An exact copy of the data is required. No picture may appear in it.

**** Supplied material

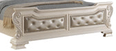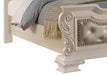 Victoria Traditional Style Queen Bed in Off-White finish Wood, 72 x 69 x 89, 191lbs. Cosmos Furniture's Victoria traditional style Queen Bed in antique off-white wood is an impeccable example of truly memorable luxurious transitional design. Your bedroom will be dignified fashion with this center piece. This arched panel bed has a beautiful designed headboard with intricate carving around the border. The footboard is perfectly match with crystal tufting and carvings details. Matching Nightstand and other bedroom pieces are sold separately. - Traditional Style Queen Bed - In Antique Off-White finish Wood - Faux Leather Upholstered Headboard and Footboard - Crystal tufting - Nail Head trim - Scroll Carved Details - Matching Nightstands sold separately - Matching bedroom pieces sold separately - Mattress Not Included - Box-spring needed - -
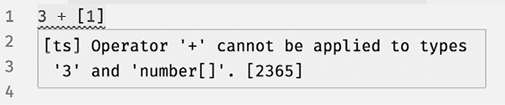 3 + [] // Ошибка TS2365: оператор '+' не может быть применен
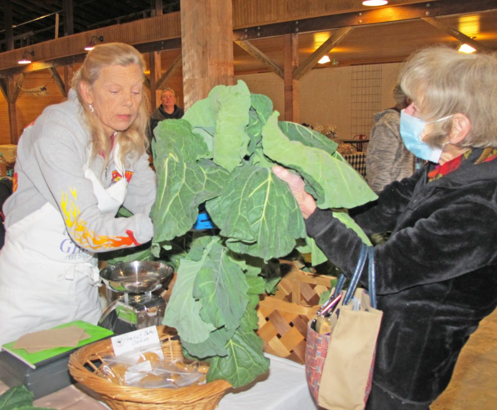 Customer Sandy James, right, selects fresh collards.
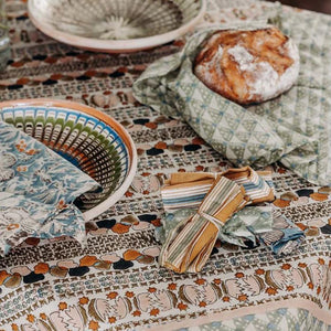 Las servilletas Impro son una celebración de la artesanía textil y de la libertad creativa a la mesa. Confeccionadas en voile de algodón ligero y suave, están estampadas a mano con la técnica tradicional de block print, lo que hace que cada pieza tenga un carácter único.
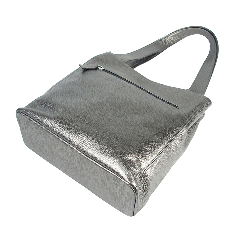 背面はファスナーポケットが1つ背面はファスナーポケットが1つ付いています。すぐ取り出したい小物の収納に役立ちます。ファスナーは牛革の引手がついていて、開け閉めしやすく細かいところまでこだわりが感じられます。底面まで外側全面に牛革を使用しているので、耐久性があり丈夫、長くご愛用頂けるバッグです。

********

#### Answer space:
 Victoria Traditional Style Queen Bed in Off-White finish Wood, 72 x 69 x 89, 191lbs. Cosmos Furniture's Victoria traditional style Queen Bed in antique off-white wood is an impeccable example of truly memorable luxurious transitional design. Your bedroom will be dignified fashion with this center piece. This arched panel bed has a beautiful designed headboard with intricate carving around the border. The footboard is perfectly match with crystal tufting and carvings details. Matching Nightstand and other bedroom pieces are sold separately. - Traditional Style Queen Bed - In Antique Off-White finish Wood - Faux Leather Upholstered Headboard and Footboard - Crystal tufting - Nail Head trim - Scroll Carved Details - Matching Nightstands sold separately - Matching bedroom pieces sold separately - Mattress Not Included - Box-spring needed - -
 3 + [] // Ошибка TS2365: оператор '+' не может быть применен
 Customer Sandy James, right, selects fresh collards.
 Las servilletas Impro son una celebración de la artesanía textil y de la libertad creativa a la mesa. Confeccionadas en voile de algodón ligero y suave, están estampadas a mano con la técnica tradicional de block print, lo que hace que cada pieza tenga un carácter único.
 背面はファスナーポケットが1つ背面はファスナーポケットが1つ付いています。すぐ取り出したい小物の収納に役立ちます。ファスナーは牛革の引手がついていて、開け閉めしやすく細かいところまでこだわりが感じられます。底面まで外側全面に牛革を使用しているので、耐久性があり丈夫、長くご愛用頂けるバッグです。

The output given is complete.